As described above, according to the semiconductor device according to the present invention, since the FET is configured by connecting the coplanar line having the same characteristic impedance as the microwave measurement system to the intrinsic FET section, the intrinsic FET This has the advantage that accurate values of the microwave characteristics of the parts can be obtained in an on-wafer state.

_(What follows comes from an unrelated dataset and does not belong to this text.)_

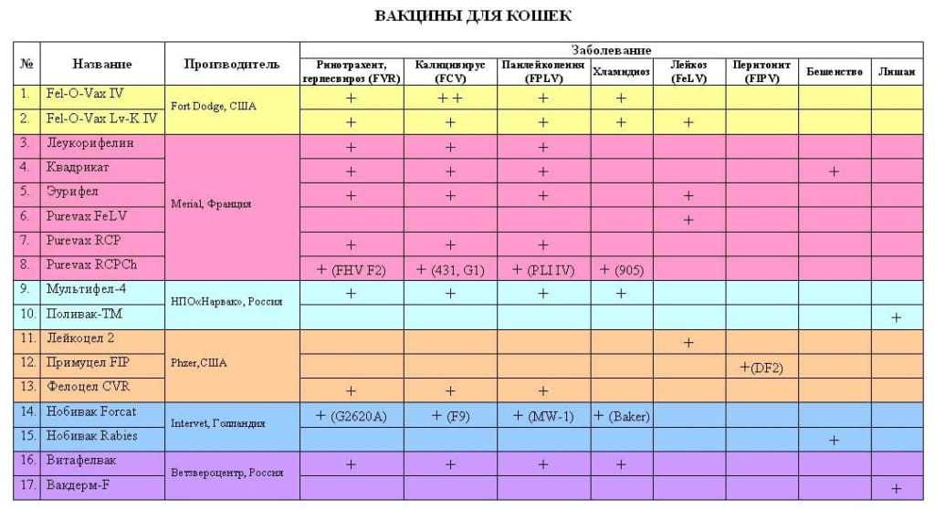 - в обязательный список входят вакцины от панлейкопении, калицивироза, ринотрахеита и бешенства. Прививка от бешенства всегда ставится отдельно, остальные инфекции прививаются поливакциной;

[Brief explanation of drawings]

FIG. 1 is a plan view showing a semiconductor device according to an embodiment of the present invention, and FIG. 2 is a plan view showing a conventional semiconductor device and a probe needle of a microwave measurement system. In the figure, 1 is a semiconductor substrate, 6 is an intrinsic FET section, 13 is a probe needle, and 14 is a probe needle.
is a coplanar line. Note that the same reference numerals in the figures indicate the same or equivalent parts.

Claims (1)

[Claims] 1. In a semiconductor device in which a field effect transistor is formed on a substrate, a semiconductor device is formed on the substrate so as to be connected to the intrinsic field effect transistor and has a characteristic impedance equal to that of a microwave measurement system. 1. A semiconductor device comprising a coplanar line having a coplanar line. 2. The semiconductor device according to claim 1, wherein the substrate is made of gallium arsenide, silicon, or other - group or - group semiconductor.